Von Martin Bernstein

Anfang September will die Münchner Mordkommission berichten, wie weit sie mit ihren Ermittlungen gegen den mutmaßlichen "Todespfleger" Grzegorz W. ist. Doch schon jetzt wird immer deutlicher, dass der Mordvorwurf, den die Staatsanwaltschaft gegen den 36 Jahre alten Mann nach dem Tod eines von ihm betreuten 87 Jahre alten Pflegepatienten aus Ottobrunn erhebt, nur einer von mehreren ähnlich gelagerten Fällen ist. Der alte Herr war am Rosenmontag gestorben.

Einen weiteren Fall, in dem W. einen von ihm gepflegten Rentner mit einer Insulininjektion getötet haben soll, kennt die Ermittlungsgruppe "Pen" aus dem Landkreis Kitzingen. Dort war im Januar ein 84 Jahre alter Mann gestorben, scheinbar eines natürlichen Todes. Drei Tage zuvor war ein neuer Pfleger gekommen, der sich 24 Stunden am Tag um den Rentner kümmern sollte: der stämmige Grzegorz W., der zur selben Zeit eine seiner vier Facebook-Seiten mit seinem Konterfei und den goldenen Buchstaben "2018 Happy New Year" schmückte.
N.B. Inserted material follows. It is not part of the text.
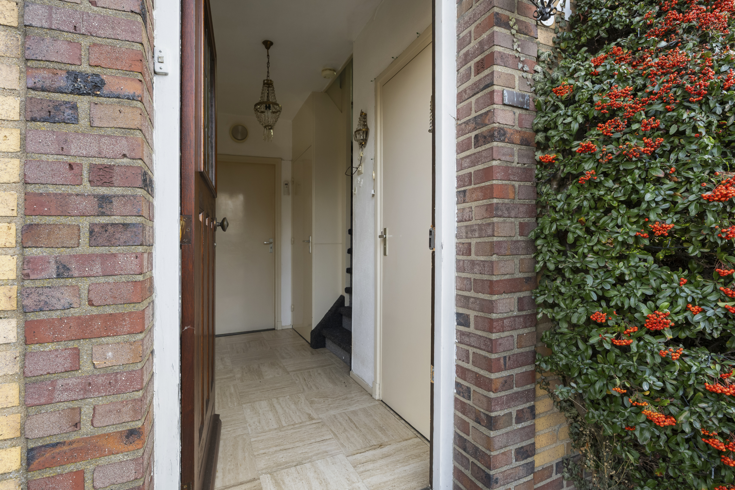 Via de entree betreedt je de woning in de hal, waar zich de meterkast, een praktische garderoberuimte, de trapopgang naar de eerste verdieping, een trapkast en het gastentoilet bevinden. Vanuit de hal heb je direct toegang tot de woonkamer.

Im März wurde die Leiche exhumiert. Die Rechtsmediziner stellten fest: Ebenso wie im Fall Ottobrunn ist der Mann aus Franken keines natürlichen Todes gestorben. Es gibt einen dringenden Tatverdacht gegen W. 68 Orte in Deutschland kennt die Polizei inzwischen, an denen W. seit Mai 2015 alte Menschen betreute. Meist nur für wenige Tage, immer wieder im Auftrag anderer Vermittlerfirmen. Auch eine eigene Firma hatte W. im polnischen Jelenia Gora angemeldet. Mindestens 21 Mal war W. in Bayern beschäftigt, fünfmal im Großraum München, etwa bei Fürstenfeldbruck. Auch in Traunstein, Niederbayern und Franken war er im Einsatz. Oft passierte nichts, manchmal wurde W. sofort gefeuert, weil er desinteressiert oder aggressiv den alten Menschen gegenüber war.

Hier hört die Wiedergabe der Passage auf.